Sketching and drawing has always been a bit of a challenge for me, I’ve never quite felt liberated enough to just draw for the sake of drawing, and like other creatives I know I’ve never really used drawing to flesh out my ideas. In fact I’ve always been a bit in awe of people who can just put pen to paper and create.
I remember one occasion really specifically, I had just started on a Visual Thinking short course at the London College of Communication (or Printing as it was then) and our first task was to draw ourselves on an A1 piece of paper. The girl next to me got her pencil out and proceeded to fill the page with long confident strokes creating a fair likeness to herself. Me? Well I got my pencil out and proceeded to draw the smallest self portrait possible, think lego man (in size and form) and you won’t be far off to what I created. That experience would influence me for many years.
During my university course I tried having and using a sketchbook for a couple of terms but it was more of a hindrance than a help. I’m quite cerebral and so I will dwell on an idea on and off for days, running options around my head. This can be quite nebulous but it has been how I’ve worked. To satisfy the sketchbook element at university I created technical files. These essentially borrowed from work that I’d undertaken as part of my Environmental Science degree in the late 1990’s. The technical files became a record of everything I’d done, developing initial ideas, looking at outcomes and seeing what the next steps were. This worked really well, especially as my practice is about merging the scientific and artistic, for example in the Petri Latex series
Now that I’ve been away from educational institutions for a few years, working at developing my practice I’ve discovered a freedom that means I’m revisiting the idea of sketching again. I’m not thinking of it as a body of work, more ideas that pop into my head that I record, abstract concepts that just ‘are’. It has become quite meditative, and I’m enjoying the liberation of not thinking of outcomes, nothing matters as such.
That’s not to say that I’ve found a devil may care side of my personality that just goes for it, the drawings are all rather considered with each one being an idea in itself.

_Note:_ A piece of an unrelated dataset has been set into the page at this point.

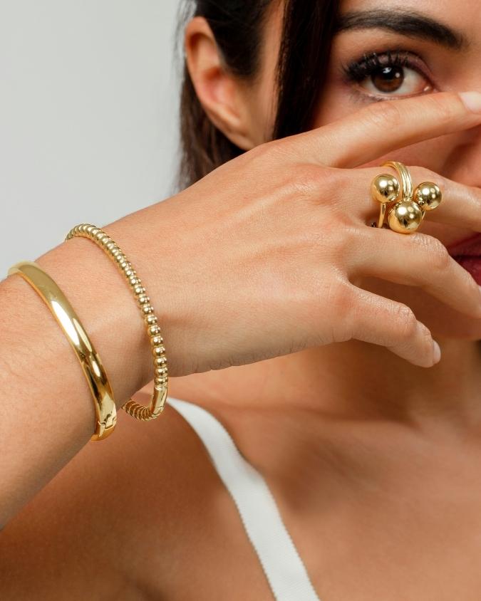 แรงบันดาลใจจากสัมผัสเหนือกาลเวลา สร้อยข้อมือเรียบหรูคลาสสิกเส้นนี้โอบรับข้อมือของคุณอย่างสง่างามและแข็งแกร่ง ดีไซน์เรียบง่ายให้ความรู้สึกทรงพลังและหรูหรา

I see them as quite heavy, each line being definite, they’re not fully free but they are a step away from the norm for me. I’d like to get to the stage of not thinking, just letting the pencil do its work but that will come… hopefully!

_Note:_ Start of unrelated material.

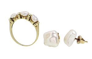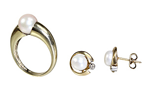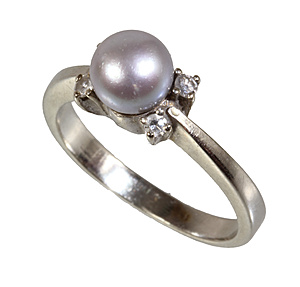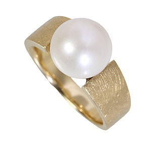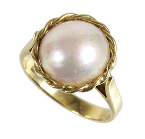 Ring, GG 585/000, Mabe-Perle im gekordelten Rand, Ringkopf D = 14,2 mm, RW ca. 55

I’ve managed to do a few more free drawings but I’ve then done a new version tightening the idea further, bringing into something manageable for me, it’s an opportunity for me to look at connections in how I work and what inspires me. To the casual observer they might be fairly random but as I’m going through the process of doing and then revisiting I’m understanding what makes me tick in a new way.
One thing I will say is that it is actually stimulating ideas, the drawing here was done by folding and scrunching a large piece of paper and then following the folds to make sense of it in some way. This connects for me in several ways, its got a geological element with layering created by the folds of paper, it also to me speaks of energy, unseen and in motion. This piece is now on my studio wall as a period of nebulous thinking happens until one day I’ll take it further.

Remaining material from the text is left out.